When we think about innovations, we usually consider high
technologies that change quickly because of research, and we consider
opportunities rather than threats. I wrote earlier about mobile phones with curved screens, which has now become possible as a result of improved technologies
for screen displays. Nobody is sure how necessary they are, but if people like
them they will be a big advantage for the two makers of
such phones.
But the high-tech, opportunity-driven innovation is just one
part of innovations. Other innovations arise from needs and from shortages.
Consider nickel. This material is needed in order to make stainless steel, and
its extraction is a decidedly low-tech affair that just breaks a lot of rock
and uses a lot of energy. But when nickel prices increased to more than 5 times
the original as a result of China's use of steel, anyone making or using steel
were facing shortages and price increases.
Wall Street Journal has an interesting article on how this
led to a complete rethinking of how to get nickel. Instead of buying nickel from abroad that was
extracted from scarce and high-grade nickel ore, steel producers in China
started experimenting with a low-grade ore that has a mix of nickel and iron.
Such ore is inefficient for producing pure nickel, but prices became high
enough that even this material started to be profitable. And more importantly,
steel makers don’t actually need pure nickel. Nickel mixed with iron is
perfectly fine for them because they will be mixing the nickel into iron
anyway. From this insight they started a gradual process of improving an
initially inefficient (and high-polluting) process until it has reached
efficiency and cleanliness that is high enough to actually push the nickel
prices nearly as low as their start. What made the effort successful in the end
was the realization that a different kind of furnace was used than the kind had
originally seemed best.
This was an innovation born from a need and a
shortage. The irony is that this new process could have been used much earlier,
but no experimentation was made until the need grew serious. This is something I have written about before,
and that has become an established part of our thinking about how firms behave.

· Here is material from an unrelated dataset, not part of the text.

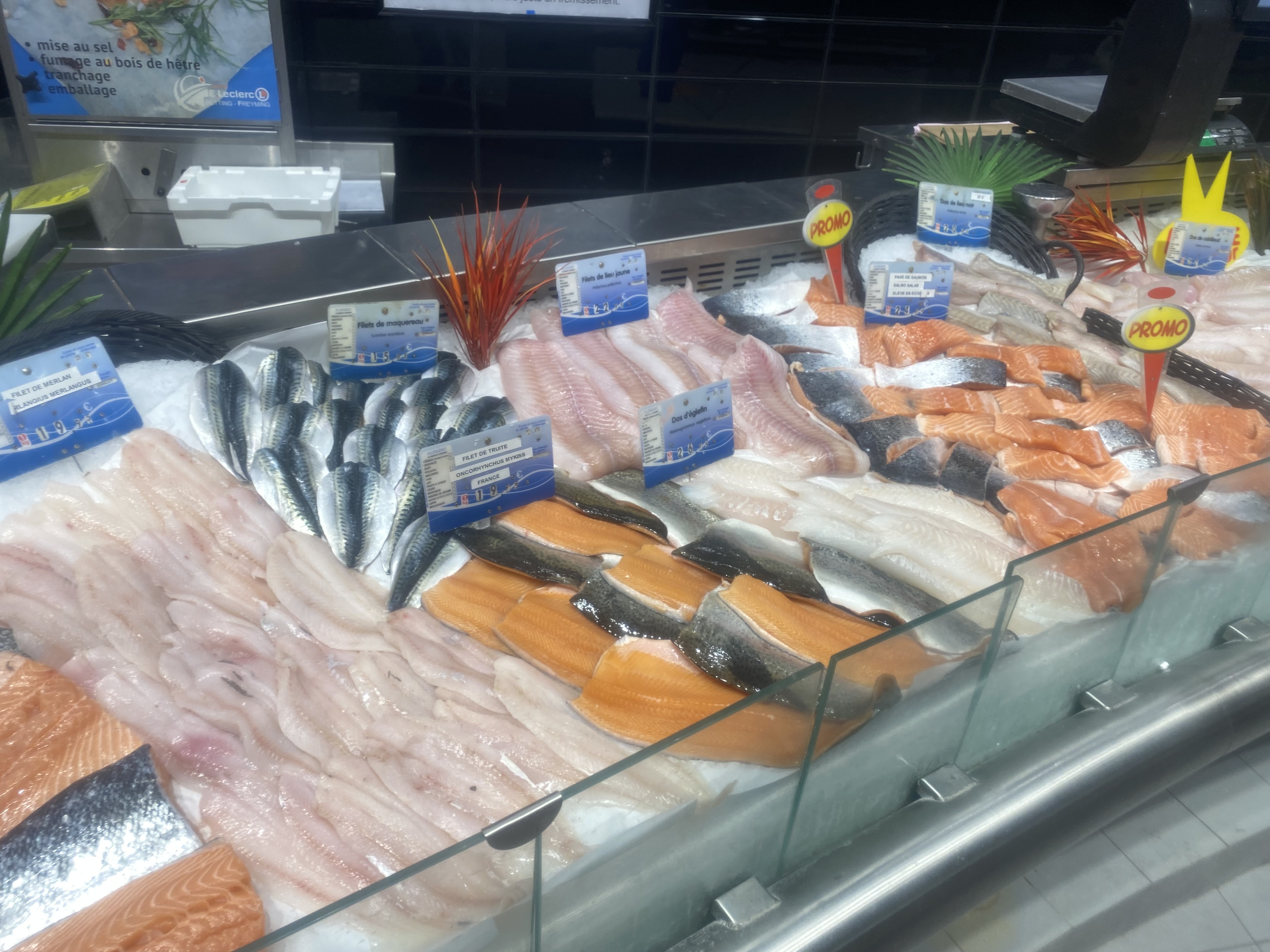 Rayons vides, poissonnerie laisse à désirer, nous sommes samedi et 3 caisses ouvertes, les gens ne sont pas content et râlent, c'est régulier apparemment, nous avons l'habitude de nous rendre à Auchan, nous ne reviendrons plus chez leclerc, en tout cas pas à Betting.
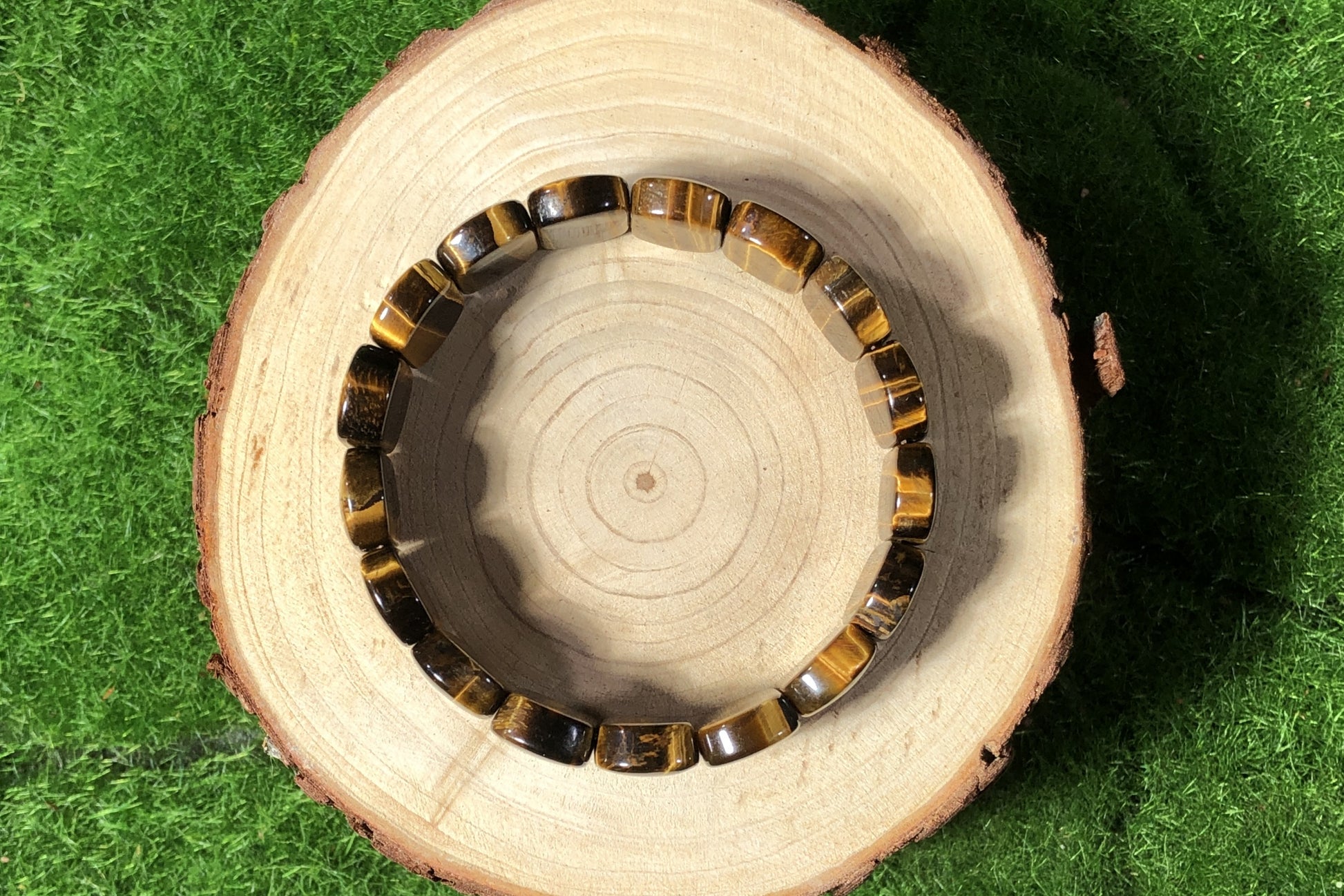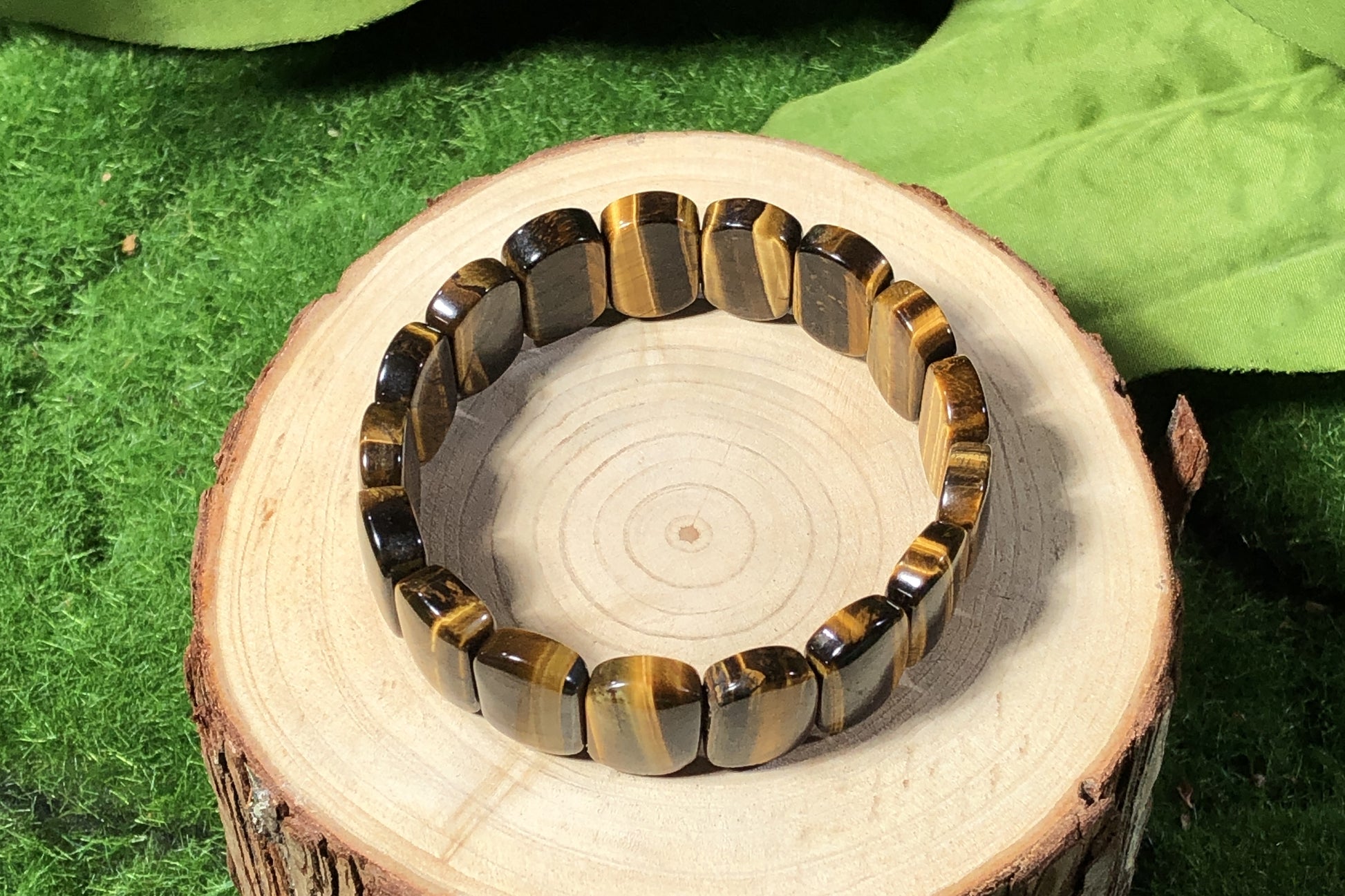 Ovales Armband aus natürlichem gelbem Tigerauge, handgefertigt.

We do observe them thinking ahead, but there is also a lot of reactions to
their experiences and their current needs. Along with Giovanni Gavetti, Dan
Levinthal, and Willie Ocasio, I have written a chapter summarizing much of the current thinking about how firms make changes. The conclusion is pretty clear: It is well documented that firms respond to problems, which is the kind of innovation people don't think about so much. We know less about firms chasing opportunities, which is the kind of innovation people think about often. Wouldn't it be interesting to know whether this is because "responding to problems" happens more often, or because it is easier to discover?
Batra, B. and J. W. Miller. 2013. Innovation and Investment
Pop Commodity Price Bubble. Wall Street Journal, Dec 8 2013.